The Solos: Travails Of “Exposed” Property Owners
Sunday, June 21st, 2009The simplest and oldest form of business is the sole proprietorship. When one person owns a business enterprise, any income from that business is considered his personal income and is fair game to creditors. People who are engaged in conducting business for themselves may be classified as sole proprietors. Look around every nook and cranny of Philippine urban and rural communities and you will notice the proliferation of sari-sari stores. A sole proprietorship is the easiest, least cumbersome business entity to create. There are minimum permits and licenses from the government. The sole proprietors, in general, own all or most of the business property and has exclusive responsibility for the management and control of the enterprise.

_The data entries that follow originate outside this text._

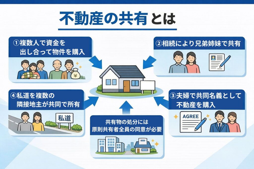 共有持分は「割合だけの権利」で単独処分には限界がある:売却や賃貸など不動産全体の処分は原則として共有者全員の同意が必要になる。
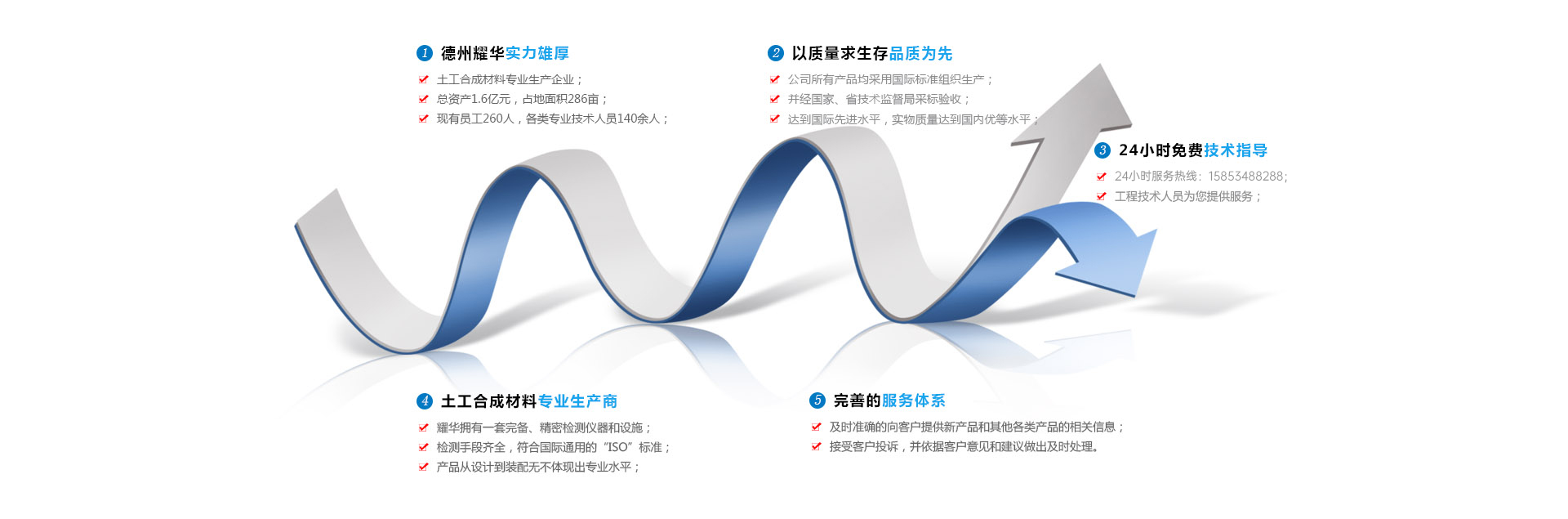 德州耀華土工材料有限公司是目前全國(guó)較大、品種其全的土工合成材料專業(yè)生產(chǎn)企業(yè),主要產(chǎn)品有復(fù)合土工膜、HDPE土工膜、長(zhǎng)絲土工布、防草布、防水土工布、水庫(kù)防滲膜、防水板、生態(tài)袋、三維復(fù)合排水網(wǎng)、長(zhǎng)絲機(jī)織土工布、EVA土工膜、無(wú)紡布、6.2m寬幅短纖針刺無(wú)紡布、6.0m寬幅土工膜、復(fù)合防水板、6.0m幅寬長(zhǎng)絲土布等。本公司有年產(chǎn)萬(wàn)噸滌(丙)短纖維兩用生產(chǎn)線、無(wú)紡布、PE防水板、復(fù)合膜等10余條生產(chǎn)線,工藝技術(shù)先進(jìn)。HDPE土工膜、復(fù)合土工膜價(jià)格低廉...【更多】
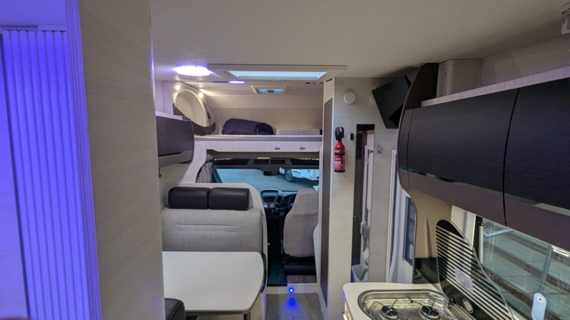 Driving the Chausson Flash C646 is smooth and comfortable thanks to the Ford Transit’s 2.0-litre diesel engine and six-speed manual gearbox. Features such as cab air-conditioning, cruise control, and modern media connectivity help make long journeys more enjoyable. Despite offering full family accommodation, the motorhome remains easy to manoeuvre and park thanks to its compact footprint.
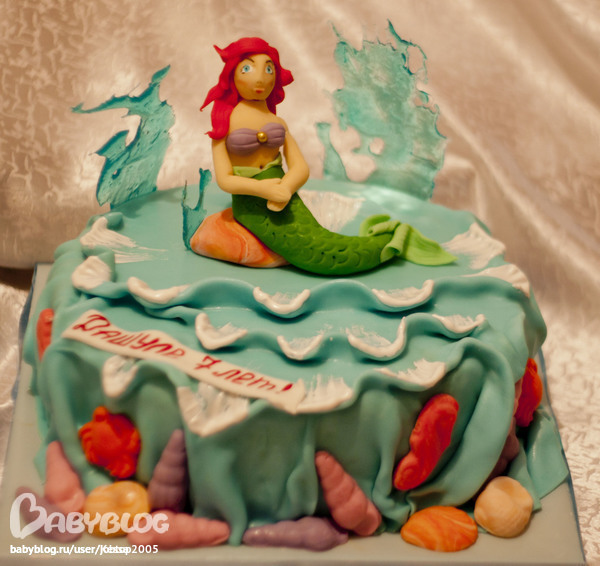 В торт я ещё поставила свечи-фонтаны. В темноте было оч.зрелищно. Очень корю себя, что забыли про фот в тот момент. Русалочка любимый персонаж Дарьи.
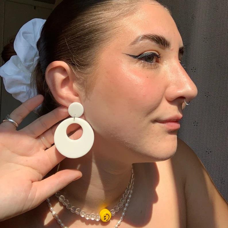 Earring Care, be sure to take off your earrings before showing or entering any type of water, also before sleep. Store the earrings in a cool and dry place and avoid placing earrings in direct sunlight for long periods of time.
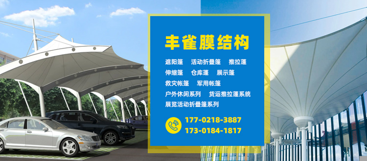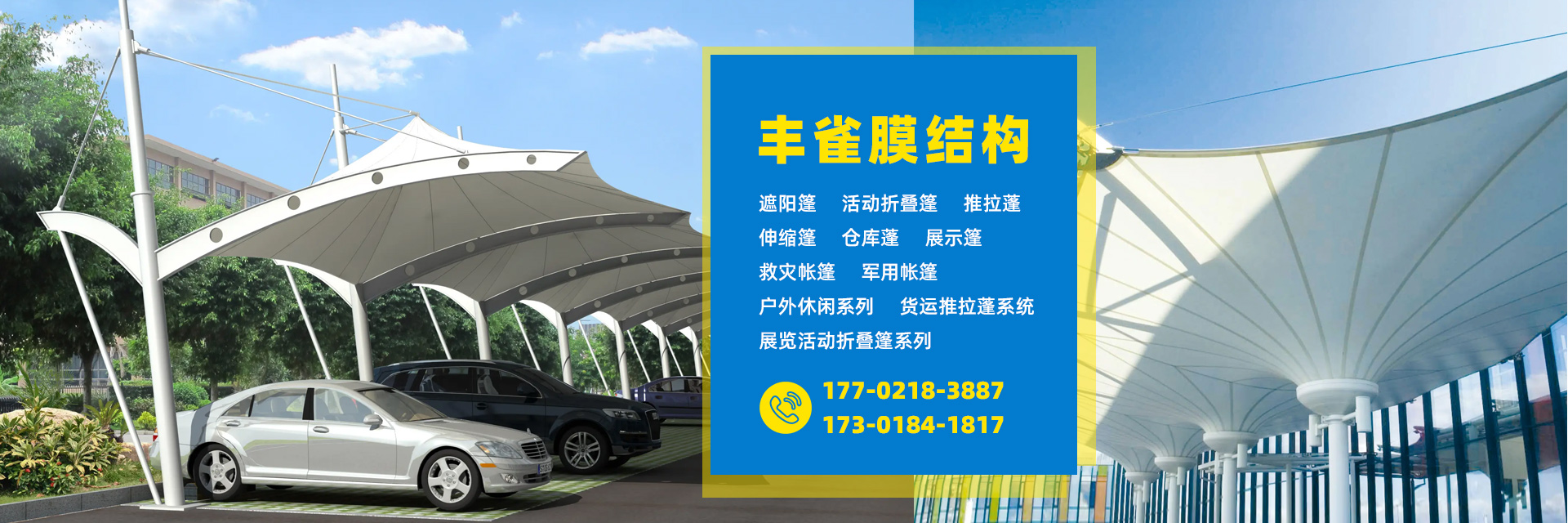 上海丰雀膜结构工程有限公司是一家国内较早借鉴国外技术自行研制、开发、设计、生产、销售各类遮阳篷,活动折叠篷、篷房、推拉蓬、仓库蓬、展示篷、伸缩篷、推拉篷(推移篷)、救灾帐篷、军用帐篷、曲臂式伸缩遮阳系统、货运推拉蓬系统、展览活动折叠篷系列、各式遮阳(遮雨)篷系列、各式中高档遮阳伞、户外休闲系列、广告伞、小伞等专业生产及安装的厂家。经过多年的努力开拓拼搏,己拥有完备的生产设施和场地,有健全的组织机构和雄厚的技术力量,有完善的生产管理和销售服务系统。上海丰雀膜结构工程有限公司正在努力成为中国遮阳行业、遮阳用品的优秀企业。全心的服务于广大消费者。

Many small businesses start as sole proprietorship’s. If you start a business on your own — without partners—you will be a sole proprietor. You might get by with a city business license, a resale license, and a “doing-business-as” or fictitious business statement ). If you use your own name, you may not need the DBA. But you may discover
that your business is sending you signals that another form would better suit your needs. In a sole proprietorship, legally and practically, the owner is the business, and any capital must come from the owner’s own resources, and those borrowed from financial institutions. The availability of limited alternatives for raising financial capital is perhaps the greatest disadvantage of the sole proprietorship . In reality, the biggest disadvantage of solo ownership is that you alone will shoulder liabilities. You are the shock absorber of lawsuits. Sole proprietorship is the simplest form of ownership. It is also the most risky. The owner pours in his own money into the business enterprise, reaps all the profits and shoulders all the risks and losses. Just like a general partner in a general partnership, the sole owner’s personal liability extends beyond his investment in the business entity. Creditors could reach his personal assets in case of a lawsuit. The sole owner is practically defenseless against legal attacks.